Dressed in a skintight space suit with a clear plastic cape, Nomi first stunned an East Village audience at 1978's "New Wave Vaudeville" with his bizarre rendition of Mon cœur s'ouvre à ta voix from Samson et Dalila, a performance which ended with Nomi disappearing into a chaos of smoke bombs, strobe lights and crashing sound effects. Legendary New York performance artist Joey Arias recalls, "I still get goose pimples when I think about it... It was like he was from a different planet and his parents were calling him home. When the smoke cleared, he was gone." Later when David Bowie caught Nomi's act at The Mudd Club, he hired the super-stylized performer as a backup singer.
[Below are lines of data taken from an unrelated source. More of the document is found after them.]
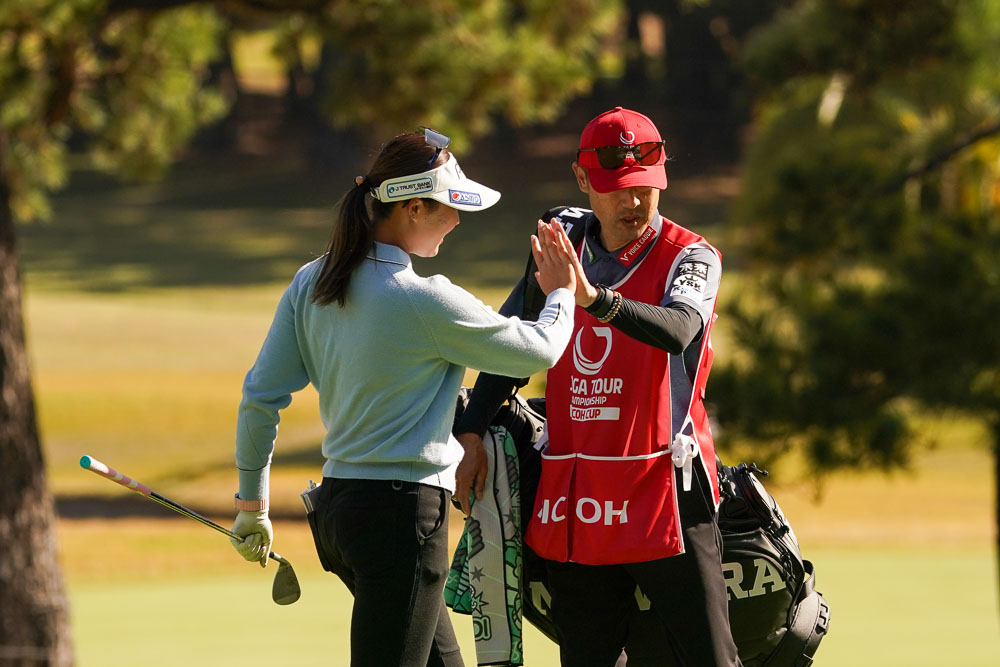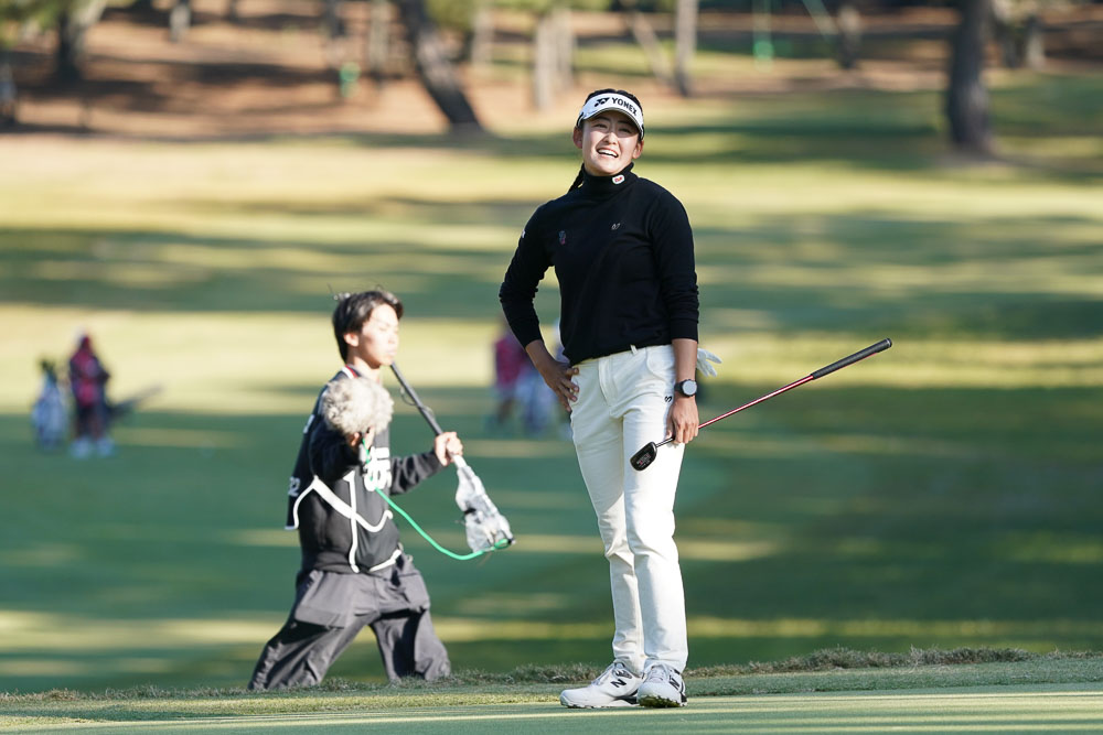 「1番ちょっとボギーだったのが悔しくて。上がってみてイーブンだったので、良い方かなと思います。(明日は千怜さんと同組)明日、明後日はコラボシャツを着ようと思ってて。まだ決まってないですね。(アメリカでも)単純にトレーニングも2人でできるし、単純に楽しさが2倍になりますね。いい位置で明日もラウンドできるので、いつもと変わらず楽しんで攻めのプレーが出来たらいいかなと思います。」
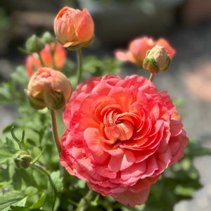 3年目のラナンキュラス キプロアプリコット 今年は、花がとても綺麗に咲いてます(*´︶`*)♡きれ〜い♪ 3年目といっても、ラックスのように同じ鉢で夏越しさせてるわけではなく、掘り起こした根塊を素焼き鉢に埋めて夏越しさせてますので、植え付ける時は、根塊を一つ一つ分けてます。 なので、一つの株が大きくなったということではないです。
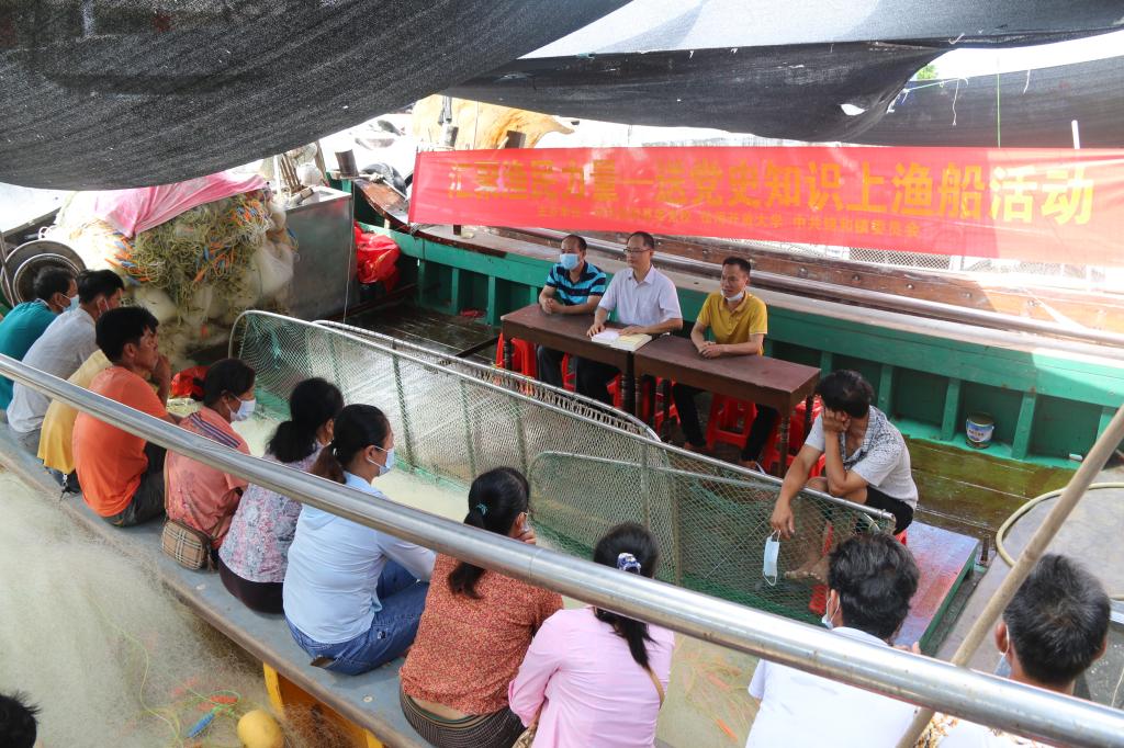 活动中,黄海波用渔民群众听得懂、易接受的方式,讲述了中国共产党百年奋斗历程和辉煌成就。黄老师还生动讲解了强农惠农的有关政策和渔业生产知识,将党的方针政策传递到基层、传递到渔民群众中,进一步引导渔民群众积极开展党史学习教育,做到学史明理、学史增信、学史崇德、学史力行。
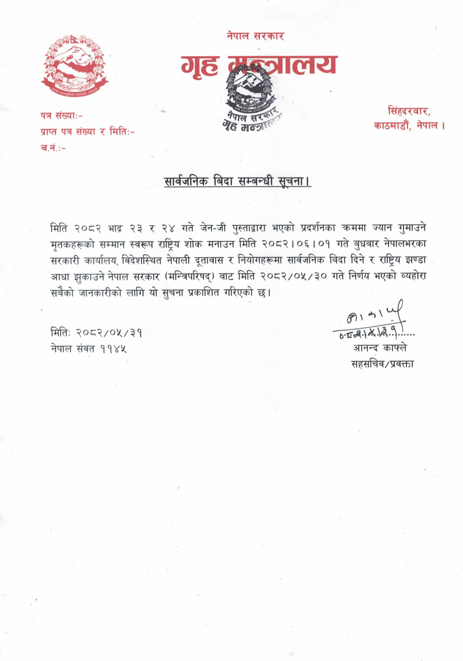 २०८२ सालको सरकारी तथा सार्वजनिक विदा
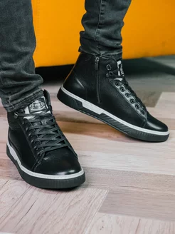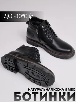 Ботинки зимние, высокие, черные, натуральная кожа и мех
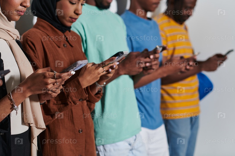 Разнообразная группа студентов, погруженных в эпоху цифровых технологий, объединяется, пользуясь своими смартфонами на белом фоне, символизируя современную эпоху связи, общения и совместного обучения
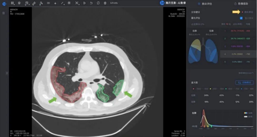 腾讯觅影《肺炎 CT 影像辅助分诊及评估软件》是腾讯首款获得国家药品监督管理局第三类医疗器械注册证的辅助诊断软件产品。其可用于肺部 CT 影像的显示、处理、测量和肺炎病灶识别,并不单独给出对患者的诊断意见,而是采取与人类医生结合的方式进行诊断。
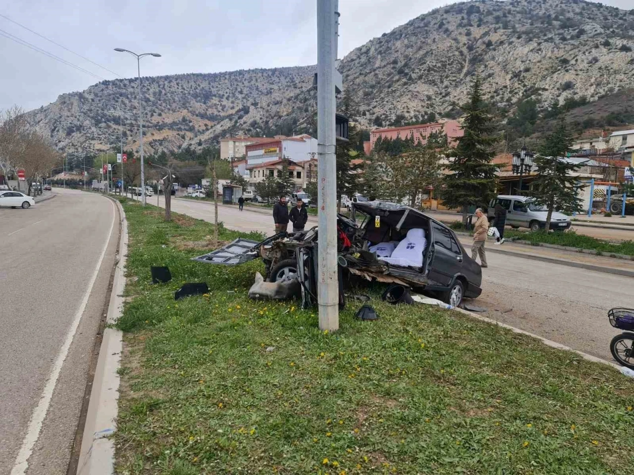 Ankara’nın Nallıhan ilçesinde meydana gelen kazada elektrik direğine çarpan araç ikiye bölündü.
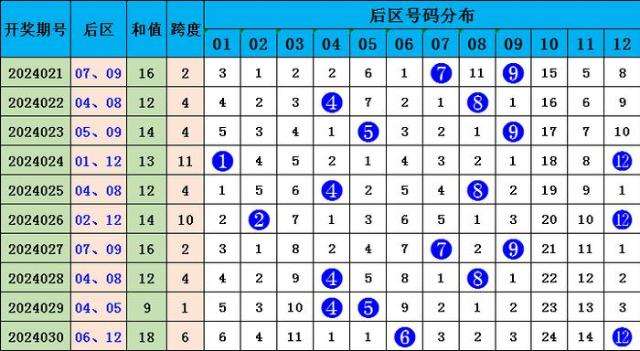 二区(13-24):上期奖号19,近10期出号较热,出号17枚,出现一次断区,二区近期走势较热。本期预测热出,推荐参考:16、21
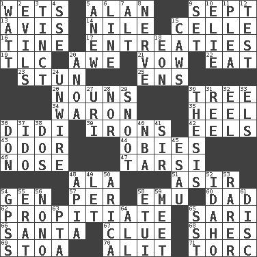 ACROSS 1. Soaks 5. Actor Alda or Thicke 9. Back-to-school mo. 13. Advice 14. Mediterranean tributary 15. Cell (Danish) 16. Prong on a fork 17. Pleas 19. Affectionate concern, for short 20. Deep reverence 21. Solemn pledge 22. Ingest 23. Make senseless or dizzy 25. Followers of ems 26. Parts of speech 30. Relationship diagram 34. Make _____ (do battle with) 35. Person who is morally reprehensible 36. "You Light Up My Life" star Conn 39. Removes the wrinkles 42. Snakelike fish 43. Aroma 44. Off-Broadway awards 46. Sense of smell 47. Tarsus (plural) 48. According to 51. SW Saudi Arabia district 54. Commissioned military rank (abbr.) 57. For each 58. Australian flightless bird 60. Male parent 62. Conciliate 65. Indian skirt 66. Before Barbara or Clara 67. A slight indication 68. "______ My Girl" (Turtles hit) 69. Portico 70. Set down 71. Torque (variant) DOWN 1. Electrical Unit 2. Vices 3. A color or tint 4. Compass dir. 5. Afresh 6. Actor's bit 7. Keyboard modifier key 8. Boldness 9. Arrange properly for use 10. Writer Wiesel 11. Entreaty 12. Trial 15. Crow sounds 18. A really long time 20. Small Philippine buffalo 24. Undo the wiring of 27. RI univ. 28. And not 29. Snout, nose 30. College paper 31. To separate or throw off 32. Snakelike fish 33. Raised railways 36. Spanish title 37. Wedding promise 38. Two (Sp.) 40. Basketball assoc. 41. Title for a knight 45. He sold his birthright 48. Capital of Western Samoa 49. Allow 50. N. Chile seaport 52. Potato state 53. More uncommon 54. Global Positioning Systems (abbr.) 55. Part of Q.E.F. 56. Words to Nanette 58. Needle case 59. Rendezvous 61. Flat circle 63. Parent Teacher Association (abbr.) 64. Everything 65. Fast jet (abbr.)
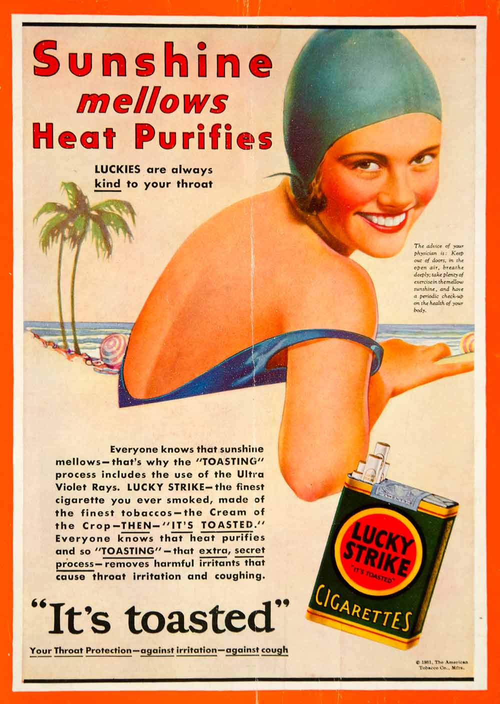 This is an original 1931 color print ad for Lucky Strike cigarettes that were made and sold by the American Tobacco Co. during the Great Depression era.
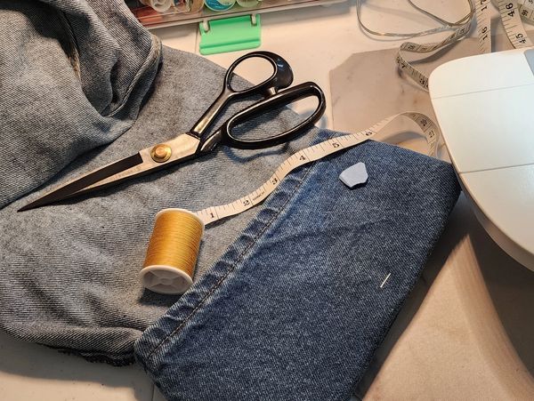 Hemming Jeans my way. mark . cut, sew, iron, happy customer. Done in 1 day
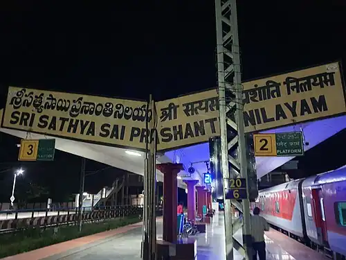 Sri Sathya Sai Prasanthi Nilayam (station code: SSPN) is a major railway station and is located around 8 km to the west of the pilgrim town of Puttaparthi in Andhra Pradesh, India. Puttaparthi is a renowned pilgrim center and the location of the ashram of Sathya Sai Baba. The station falls under the jurisdiction of Bangalore division of South Western Railways.[1] It has four platforms and is situated on the line connecting Dharmavaram and Penukonda.
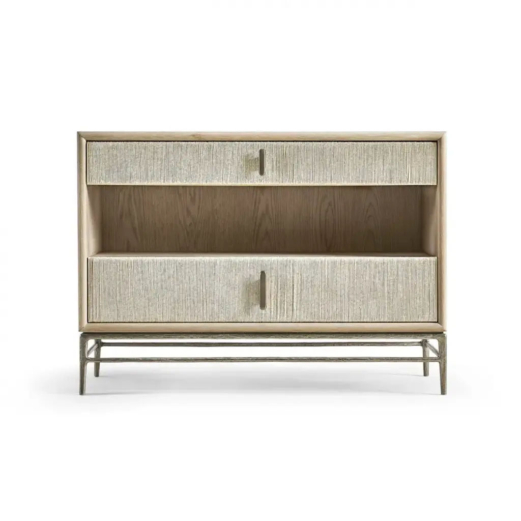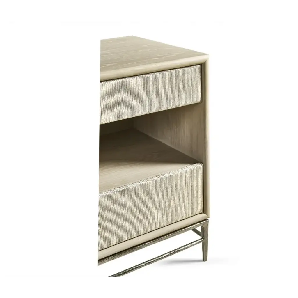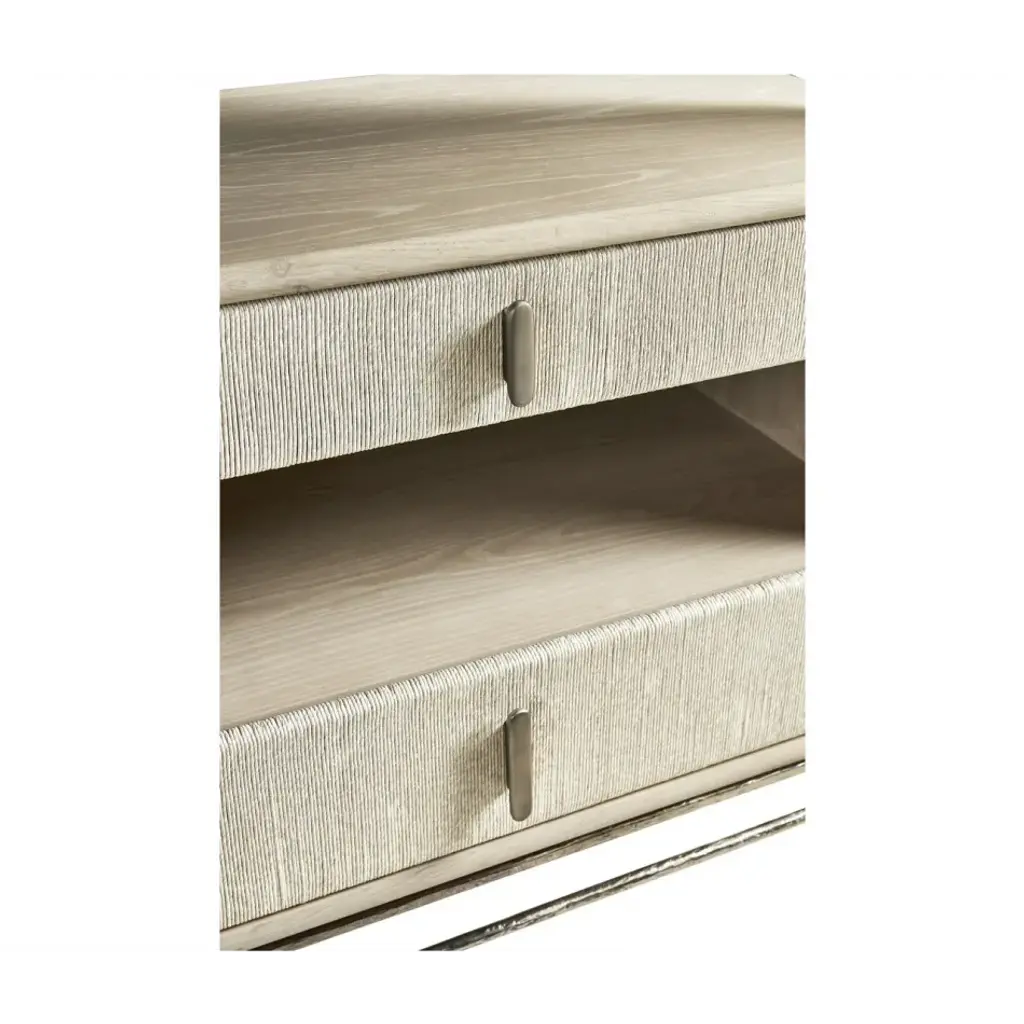 001-1-802-CRD (36.125") & 001-1-803-CRD (42") The stylish design of Jonathan Charles' Clapotis Nightstand, replete with two Danish Cord-wrapped drawer fronts adding style to the classic tone and feel of contemporary vision without shortcuts. A Cast Stainless Steel base and vertical hardware handcast in Jonathan Charles' foundry are finished in elegant Satin White Brass for a luxurious and sleek effect befitting refined and eclectic spaces.

Nomi's first peep at national airtime was during Bowie's 1979 Saturday Night Live performance in which he sang backup while holding a prop pink poodle with a television in it's mouth. This 1982 French television performance of the Cold Song from Henry Purcell's King Arthur highlights Klaus Nomi's sick vocal range and kooky/gothic stage persona:

While Klaus Nomi recorded several albums without much mainstream impact, his cult status was undeniable. He was a regular on Manhattan Cable's TV Party, a public access program directed by my former professor/late 70's East Village art-enigma Amos Poe, that was pretty much just recorded hangouts and jam sessions with Mick Jones (The Clash), David Byrne (Talking Heads), Debbie Harry and Jean-Michael Basquiat.

Klaus Nomi died of AIDS in 1983 but he leaves behind a treasure trove of music and videos that have influenced musicians (Morrissey habitually covered his songs while Gaga is his aesthetic female copycat, ) as well as fashion designers (Gaultier's Spring 2009 collection featured several variations on Nomi's signature V-tuxedo, and to say Gareth Pugh is obsessed with Klaus would be an understatement). His video for "Falling In Love Again" from the Simple Man album is an erotically charged exercise in high fashion and perverted sexuality set to a catchy Freddie Mercurified version of an old Marlene Dietrich tune, starring supermodels felating neon light sticks and ice cream cones. Plain and simple.